I use communication as the focal point because it is something that everyone already has an idea about. You all know how to communicate effectively in at least some parts of your day-to-day lives. I’ve seen students here give math colloquiums to humanities majors so well that the humanities students were able to follow along. I’ve seen pre-med students listen to their buddy’s political science paper and stay awake. Students at the College are generally good communicators. Consent is like that, but instead of explaining how there can be different sizes of infinity, just explain that you want to rub genitals with the other person.

If you communicate well, you will be in tune with what the other person wants – and, hopefully, they will understand what you want, too. It may not be subtle or smooth, but “Do you want to have sex?” sends the message pretty clearly.

In communication, listening to the other person and receiving their ideas is just as important as expressing your own. You wouldn’t take a car off the lot without knowing and agreeing to the terms first. If an executive is looking to make an acquisition, he is going to find out where the goodwill on a company’s balance sheet is coming from. Likewise, why would you engage in sexual activity with someone if you weren’t sure they wanted to do it?

The point of this is that when communication breaks down, it is very difficult to get consent. And breakdowns in communication happen in most, if not all, rape and sexual assault cases. From the most recent Eph Community Attitudes about Sexual Assault survey, 286 respondents said that they were touched inappropriately by being caught off-guard or because their nonverbal cues were ignored, and 175 said they were taken advantage of when drunk, high or asleep. These are situations in which at least one party failed to communicate effectively.

On the bright side, you can identify situations in which communication breaks down or is on the way to breaking down and use that to make your life and your friends’ lives better. If your buddy is so drunk that he or she can’t pronounce “anemone” but is getting cozy with another, equally drunk person at a party – that might be a good time to step in. There’s a good chance that the night will then end without a problem. That being said, communication between those two is going to be sloppy and all over the place – like first-years at the first First Fridays. There’s a good chance that their communication could break down altogether, and nobody wants to be on either side of that breakdown.
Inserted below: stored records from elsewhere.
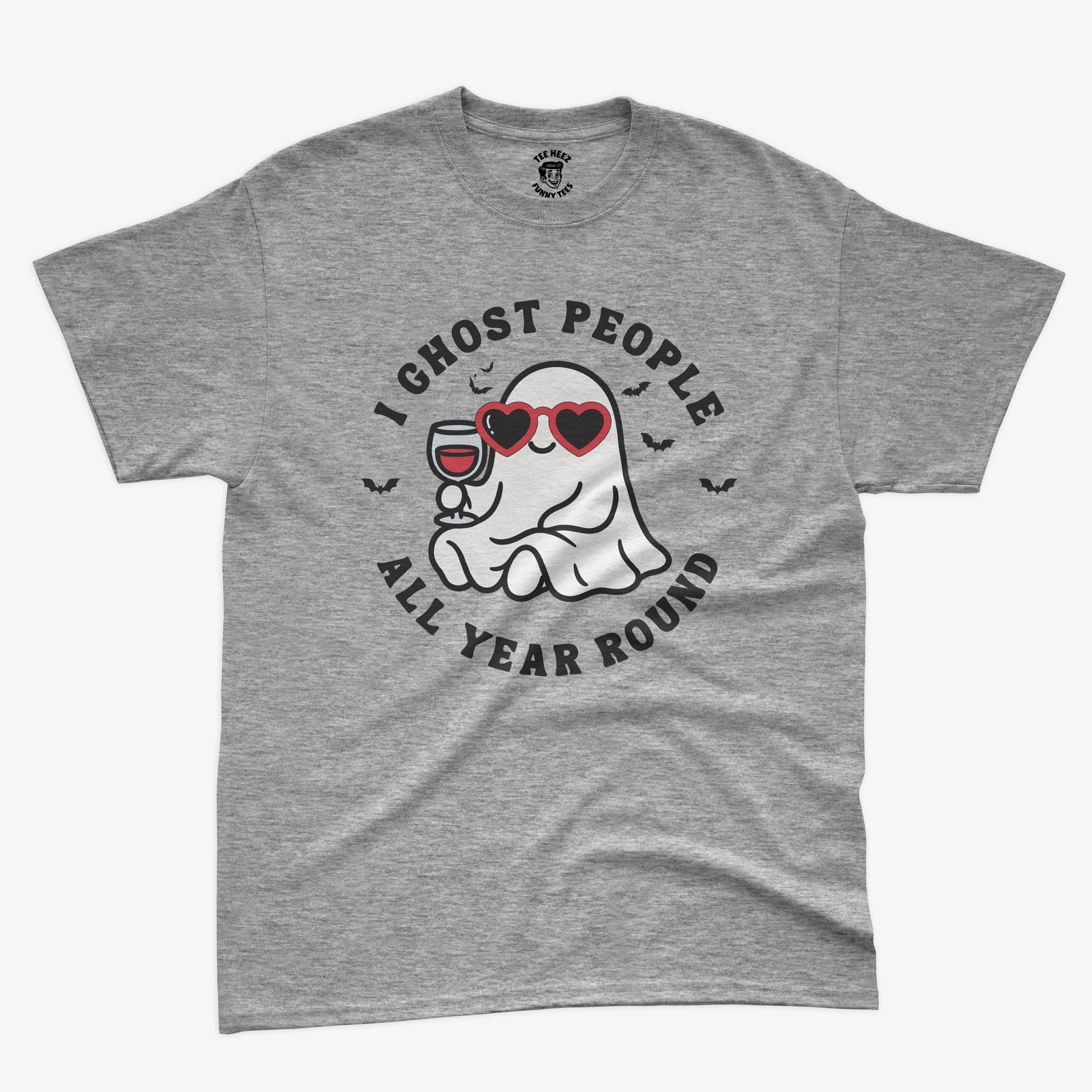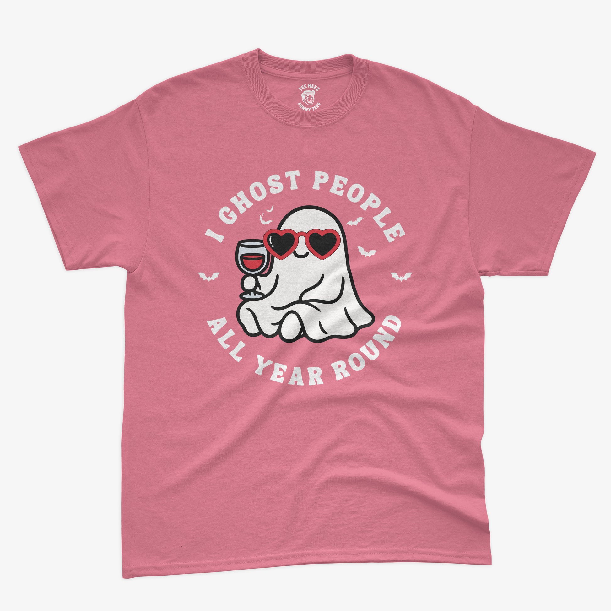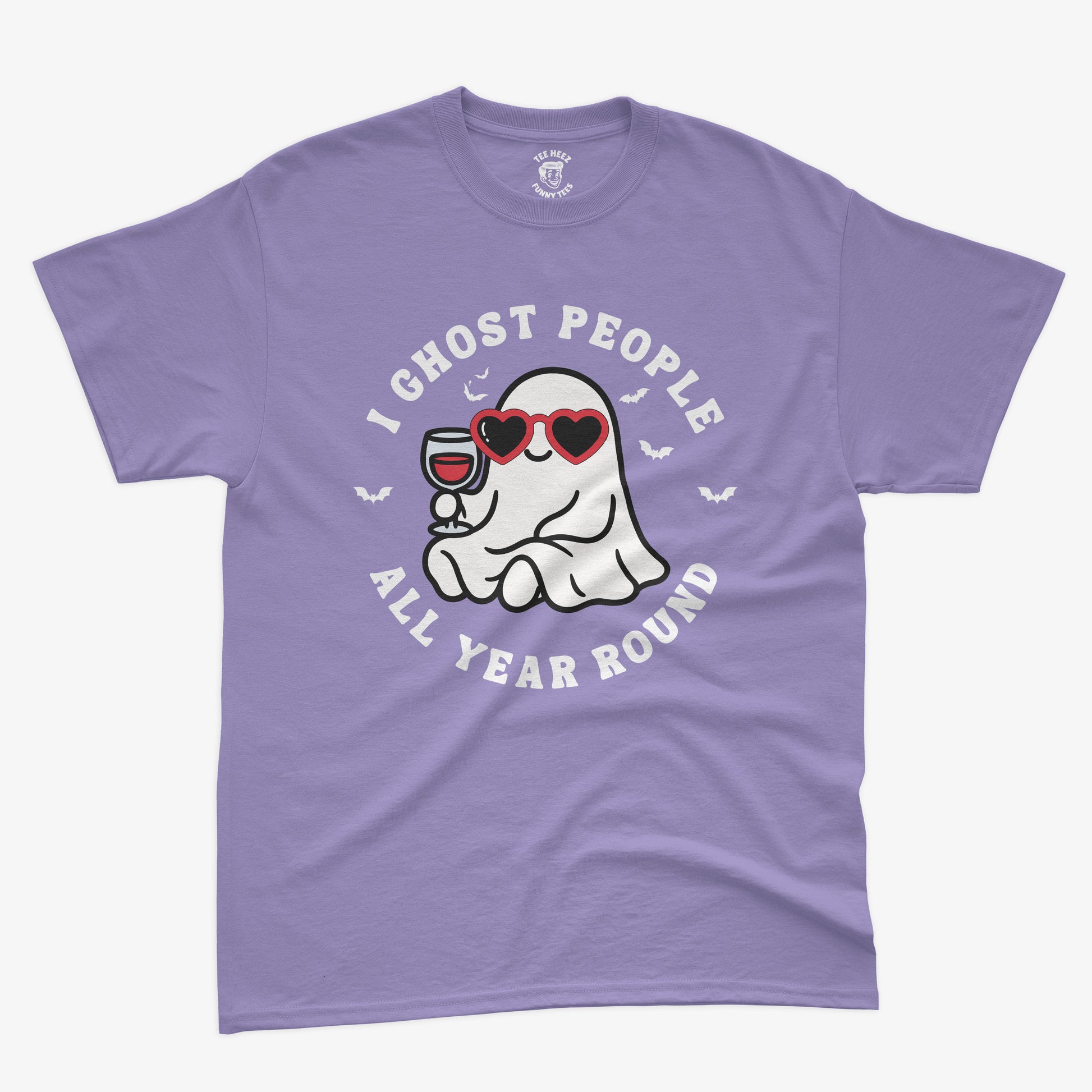 This spooky-cute t-shirt features a chill ghost with heart-shaped sunglasses and a glass of wine, serving sass and silence in equal measure. Whether you're dodging texts, skipping parties, or just vibing solo, this shirt is your new favorite excuse.
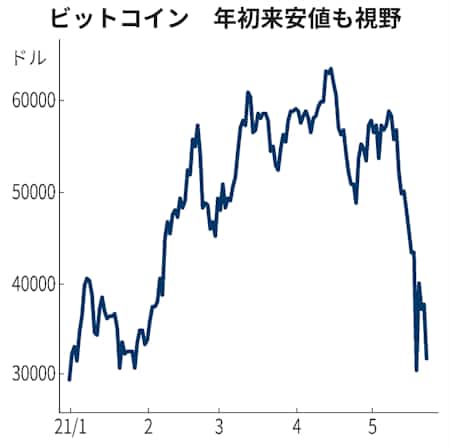 4月につけた史上最高値(6万4801ドル)から一時半値以下に落ち込んだ。5月19日は取引障害などの混乱で、一時3万201ドルまで急落したが、このときを除けば1月29日以来の安値となる。イーサリアムやリップルなどほかの仮想通貨も軒並み急落した。
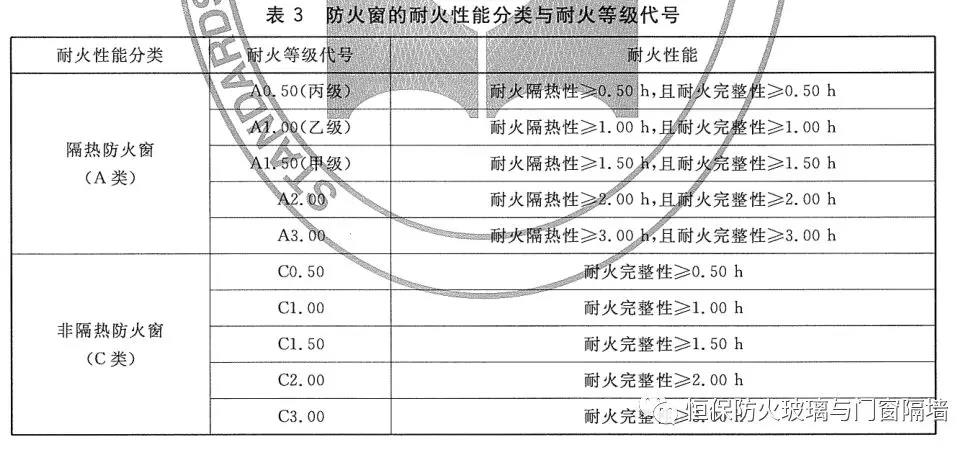 備注:根據國家標準《防火窗》GB16809-2008,甲級防火窗的耐火性能分類與耐火等級的規定:耐火隔熱性≥1.50h,且耐火完整性≥1.50h的耐火等級代號是A1.50(甲級);耐火完整性≥1.50h的耐火等級代號是C1.50。所以我們常說的甲級防火窗是指耐火隔熱性≥1.50h,且耐火完整性≥1.50h的防火窗。
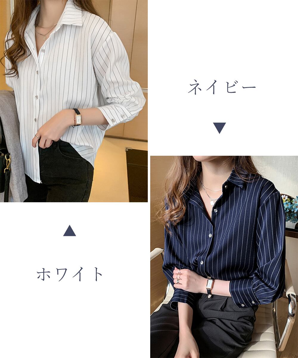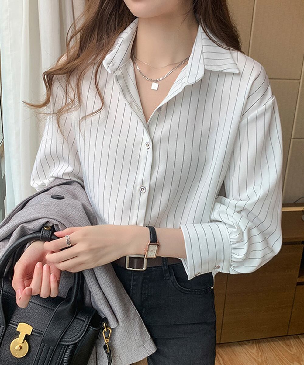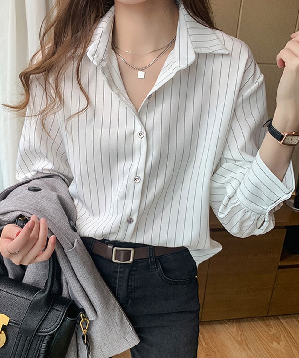 洗練されたシルエットを作り出すレディースストライプ柄シャツ
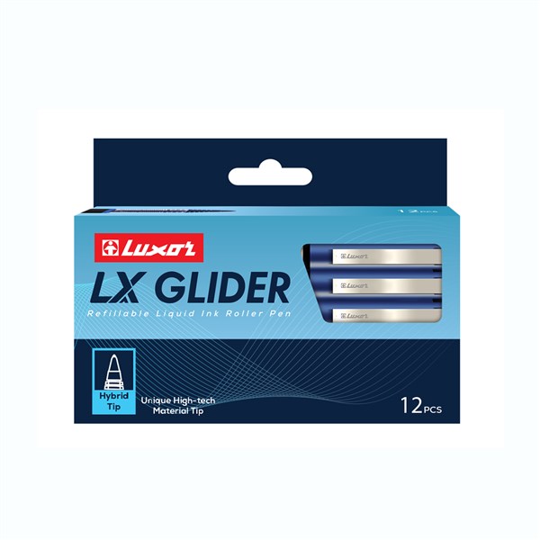 Experience effortless writing with the Luxor LX Glider Refillable Liquid Ink Roller Pen — a perfect blend of smooth performance, precision, and reliability. Engineered with German ink technology, this pen ensures ultra-smooth, skip-free writing every time. The hybrid tip design delivers fine and consistent lines, while the waterproof ink guarantees long-lasting impressions in Black, Blue, and Red variants. Ideal for professionals, students, and everyday users, the LX Glider is refillable, durable, and designed for extended writing comfort. Its high-tech material tip maintains consistent ink flow, ensuring every word glides seamlessly on paper.

At the very least, you want to check in on the two to see if things are going well, and be there in case things go sour.

I believe the sexual climate on campus would be 100 times better if everyone stopped drinking and were 100 percent honest with each other. Since that won’t happen, good communication is the best thing we have. We just call it “consent”.

Matt Hayes ’17 is an economics and mathematics double major from Canton, Mass. He lives in Bryant.

{ 4 comments… read them below or add one }

Man with the Axe November 4, 2015 at 5:24 pm

Everything you say is true. However, there are a lot of situations in which your advice to communicate won’t solve the consent problem. Romantic encounters are not that simple.

The example of trying to get between your drunk buddy and the equally drunk girl: You’d better be ready to fight him. He’s just as likely to take your interference as officious meddling as he is to say, “Yeah, maybe your right.” Maybe more so.

There is the problem of a woman withdrawing consent after she has implicitly given it. This is not going to be easy to untangle after the fact because two people in the throes of passion are not necessarily picking up on all the verbal and physical cues that the other one is sending. Should we be willing to call the failure to pick up on these cues “date rape?” Is it date rape if it’s the girl who failed to pick up on the cues that the boy was trying to communicate? If not, why not?

It might be terribly old fashioned of me to say so, but the only way to avoid these situations is to avoid these situations. Don’t go off alone with another individual unless you are certain of your ability to control the situation, which means that you know your own condition and you know the character of the person you are going off with. And even then, don’t do it.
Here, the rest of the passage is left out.